Photographie

Les aventures de deux cousines à la Fondation Henri Cartier-Bresson

Par Christine Coste · Le Journal des Arts

Le 26 mars 2024 - 653 mots

PARIS

Alessandra Sanguinetti a documenté dans une grande proximité avec son sujet la vie de deux fillettes qui grandissent dans une Argentine rurale.

Alessandra Sanguinetti, Juana's bed, 2004. © Alessandra Sanguinetti / Magnum Photos
Alessandra Sanguinetti, Juana's bed, 2004.
© Alessandra Sanguinetti / Magnum Photos

Paris. Alessandra Sanguinetti est née à New York en 1968. Deux ans après, sa famille déménageait à Buenos Aires où elle a grandi et vécu jusqu’en 2002 avant de s’installer en Californie. Les exploitations agricoles de ses parents dans la région de Buenos Aires, cadres marquants de son enfance, ont fourni la matière à l’un de ses premiers projets et livres : « On the Sixth Day » (« au sixième jour »), sur la vie de la ferme du point de vue des animaux. C’est au cours de la réalisation de ce projet qu’elle a croisé pour la première fois, en 1996, Guille et Belinda, deux cousines alors âgées de 4 et 5 ans. Trop concentrée sur son reportage en cours, elle s’est peu intéressée aux fillettes à ce moment-là. Elle les avait photographiées sans en retenir les images. Leur manière d’être « impressionnantes et bien vivantes généra toutefois une foule de questions, d’idées et d’images », dit-elle rétrospectivement. Depuis, la photographe membre de l’agence Magnum documente leur vie au fil de ses séjours en Argentine, et « Les Aventures de Guille et Belinda » sont devenues le projet phare d’un travail régulièrement exposé et édité.

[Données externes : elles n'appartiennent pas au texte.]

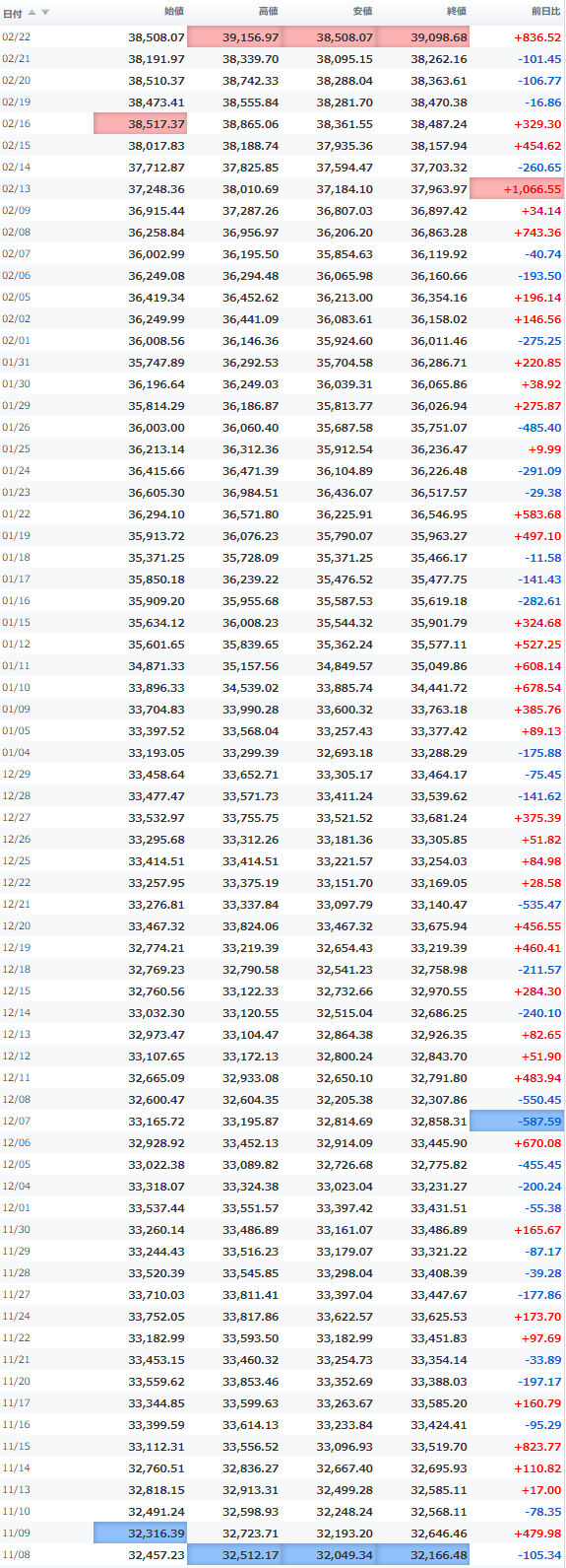 高値 39,156.97
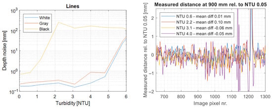 In this work, our performance goal is to be able to determine whether a 3D measurement represents a true 3D measurement, or whether it is a possibly false data point due to scattering or other imaging artifacts (shadows, etc.). This means that the usual 3D metrics like 3D precision and accuracy are not the primary focus of the work described herein and will not be directly relevant for providing useful performance values. That being said, it should be noted that the method described in Section 3.2 is purely a filtering method, and that a valid 3D point is a point that is measured by both camera systems. As such, a naïve implementation to assess 3D performance would be to use, e.g., all verified 3D data points as measured by Camera 1. In this implementation, 3D precision is equal to that reported in [20], i.e., 0.2 mm precision at 1 m distance for turbidities < NTU 4. For completeness, the measured 3D precision vs. turbidity is shown in Figure 12. Measured 3D at 900 mm distance varies by <0.1 mm across turbidities, meaning that the calibration is unaffected by turbidity to approximately 1 part in 10,000.
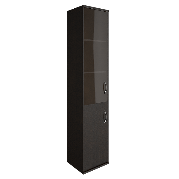 Шкаф для документов высокий узкий левый (1 низкая дверь ЛДСП, 1 средняя дверь стекло) RIVA А.СУ-1.2Л Венге цаво 404х365х1980 Венге Цаво
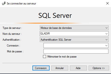 | Nom du serveur/Server Name | Sélectionnez ou tapez le nom du serveur que vous souhaitez utiliser. (En général, vous pouvez connecter SQL Server Management Studio à l'un des produits installés sur un serveur particulier.) | |
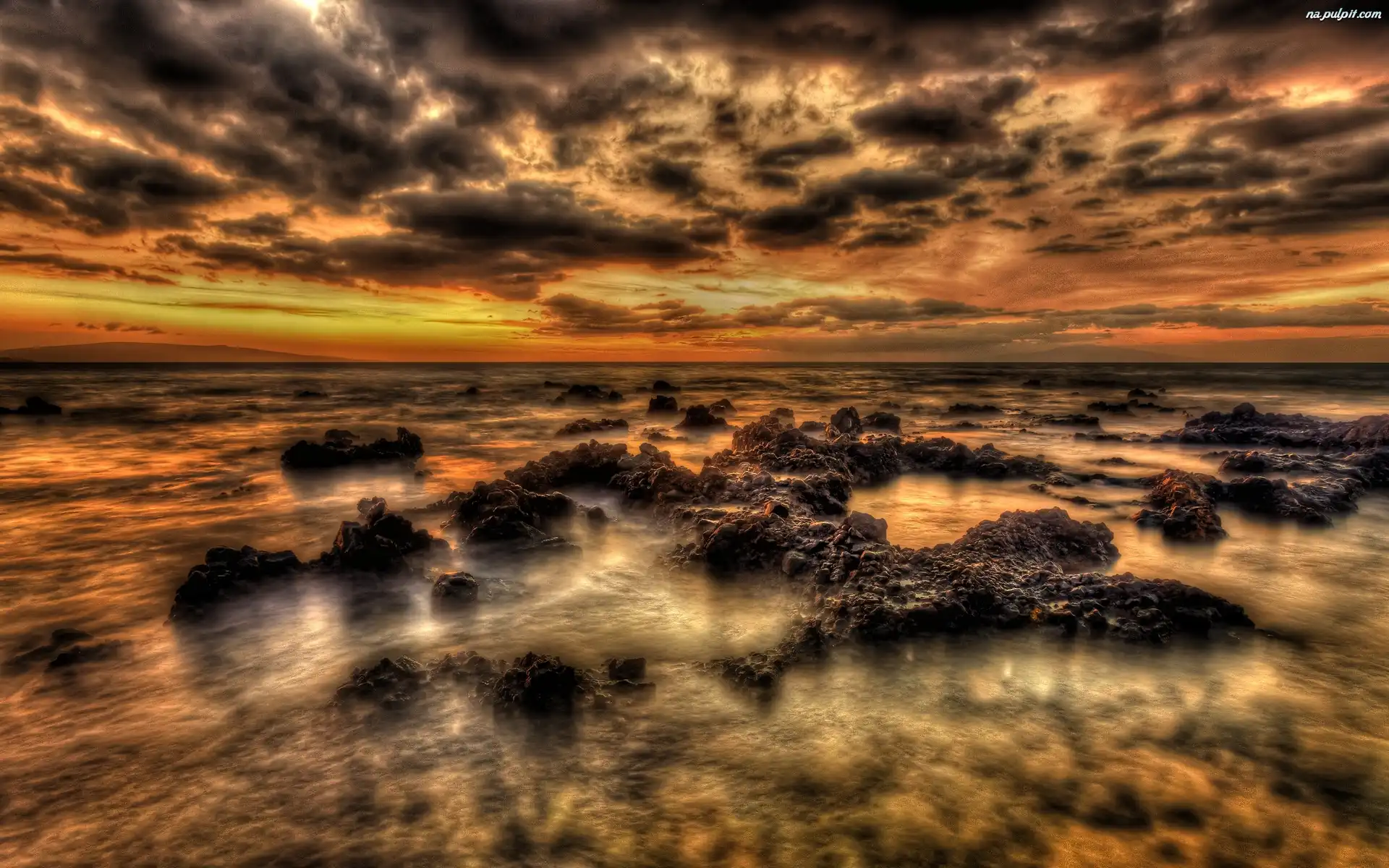 Chmury, Skałki, Słońca, Zachód, Morze Na Pulpit

Les 49 photographies sélectionnées par Clément Chéroux et Pierre Leyrat pour l’exposition de la Fondation Henri Cartier-Bresson couvrent vingt-quatre années de complicité et de plaisir « qu’elles ont eus à créer des images ensemble », comme les trois protagonistes de ces « aventures » le soulignent dans le livre d’entretiens Over Time/Au fil du temps (éd. Mack, 2024), entretiens menés par le directeur de la fondation et le responsable des expositions. « Cela nous permettait de laisser libre cours à notre imagination et de faire preuve de créativité avec des moyens limités », précise Belinda Stutz – et « de renforcer les liens entre Belinda et moi », ajoute Guillermina Aranciaga.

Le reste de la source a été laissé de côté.